Letters to the Editor: Dementia is the ‘silver tsunami’ heading for California’s healthcare system

A woman walks behind her mother, who uses a walker in a kitchen
Mariella Rojas helps her mother, Rosa Angelica Saldana, 81, in their Northridge apartment on Sept. 11.
(Genaro Molina / Los Angeles Times)

To the editor: In a 2021 report, the Alzheimer’s Assn. estimated that between 2019 and 2040, the number of Californians living with Alzheimer’s disease or other forms of dementia will double. One in six people will develop Alzheimer’s, and one in five people will develop another form of dementia. (“Work, school, caregiving. Multiple generations honor a family member while going about their lives,” column, Sept. 23)

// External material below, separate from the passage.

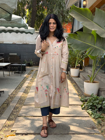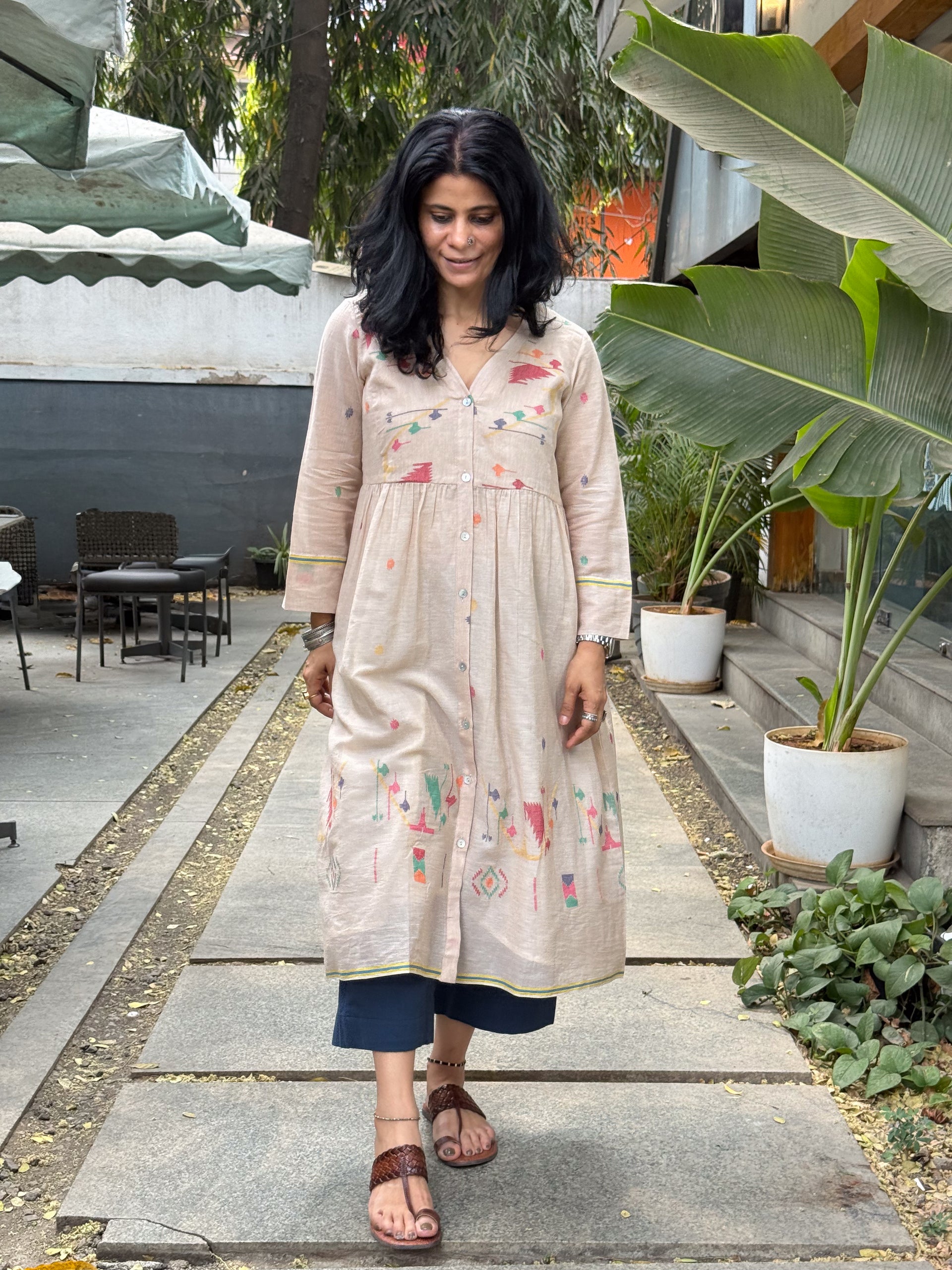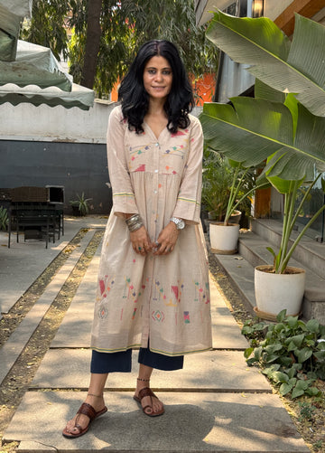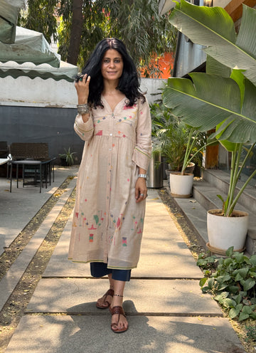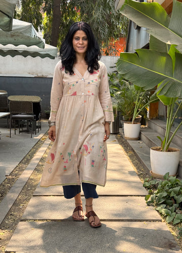 : Handwoven JamdaniThis Jamdani kurta is woven on traditional handlooms by skilled artisans, featuring delicate Jamdani motifs that highlight the charm of handcrafted textiles. The classic Jamdani aesthetic, making it perfect for intimate gatherings, or everyday elegance.

Regardless of the type of dementia, all of those afflicted will require intensive care that families may not be able or willing to provide.

In his excellent column about the family caring for 81-year-old Rosa Angelica Saldana, Steve Lopez didn’t mention the costs associated with 24/7 care.


In California, the annual cost from an accredited agency exceeds $300,000 for in-home care, and residential care in one of California’s 1,500 cognitive care facilities costs about $7,000 a month. Many residential facilities do not accept Medicaid, and those that do offer a lower standard of care because of low reimbursement.

Add to that the insufficient supply of caregivers, and we have a crisis facing us. Burying our heads in the sand will not protect us from the silver tsunami heading our way.

Julia Springer, Santa Barbara


To the editor: When I feel like our livable planet and the hope for peace is slipping away, I read Lopez’s column and I know we will all get through these tough times.

His most recent piece tells of the love that one family shows for their aging mother, grandmother and mother-in-law, and reminds us all that compassionate planning and family caretaking are just two ways to hasten the healing of our planet. I’m impressed by how the entire family comes together and shares the heavy load of caring for Grandma Rosa.

Lopez’s writing so often demonstrates his compassion, and this piece was no exception. Thank you, Steve.